So I don't really think it's the the tech or the models that are weak when we talk about why things fail. I think it stalls because enterprises still measure and operate using pre AI assumptions. So what do I mean by that? What you see everywhere is AI generating massive productivity gains. That's that's usually that's why people tend to jump in head first.
Right? They're like, we need to do this. Boards are really excited about it. They want you to move forward and do something with AI. We're seeing the productivity gains around faster code.
We're seeing it on instance documentation, automated touch points, but the leadership doesn't see the meaningful ROI because the system absorbs none of that velocity. Right? So we take, like, engineering teams who generate thousands of lines of correct, like, boilerplate code with AI assistance. Right? The productivity jumps, but the ROI doesn't move because the deployment still follow quarterly system release cycles and the legacy approval chains, right?
All of that AI creative velocity gets trapped inside the system and it can't really absorb the speed. So the metrics say no value even though the work itself has radically moved faster, right? You're kind of like, well, if I measure it by how I used to measure things before, we didn't really do anything. But if I really take the technology for what it's really doing, there probably is more value that's been unlocked that I've just not been able to identify or track in the right way. So you'll hear that AI cuts deployment by 60%, but deployment's still quarterly and the cycle time doesn't change.
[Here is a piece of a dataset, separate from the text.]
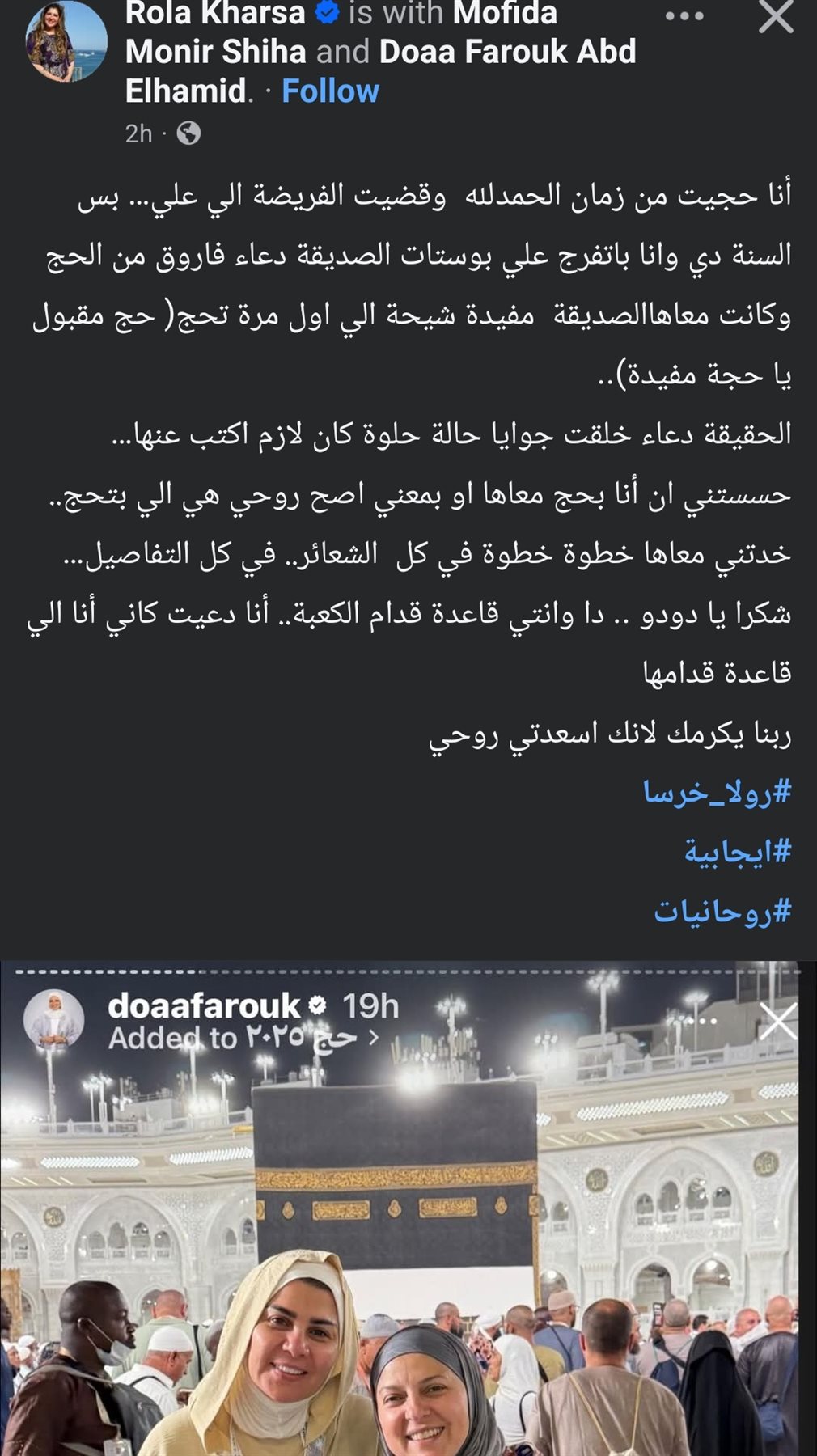 وكتبت عبر حسابها الرسمي على موقع التواصل الاجتماعي الفيسبوك: “أنا حجيت من زمان الحمدلله وقضيت الفريضة الي عليا، السنة دي وانا باتفرج علي بوستات الصديقة دعاء فاروق من الحج وكانت معاها الصديقة مفيدة شيح الي اول مرة تحج ”حج مقبول يا حجة مفيدة".

So the I r ROI looks really flat. Not a compelling story.
Well, well, just right there just right there for how you're describing quarterly, would it would you see that ROI if they had a different time measurement system? Is it merely a matter of time, or is it just our quarterly focus downstream from the entire infrastructure of the tax system, which, I know our our, you know, our corporate tax lawyers are very familiar with, that it just gets chopped up in such a way you never see the difference?
I think it just gets chopped up in such a way that you don't see the difference. I don't even know if the time time bound element of quarterly is really what's going to hamper you being able to categorize or see that ROI. It's really just looking at looking at the productivity, not from a velocity stand standpoint, but from what you usually would look at it like, oh, like a time saved or something like that. When you think about the time that the time that saved by developers when they are using like an automated code assistant, you know, they'll come back immediately and say, well, you know, I saved seventeen. Let's throw out random figure.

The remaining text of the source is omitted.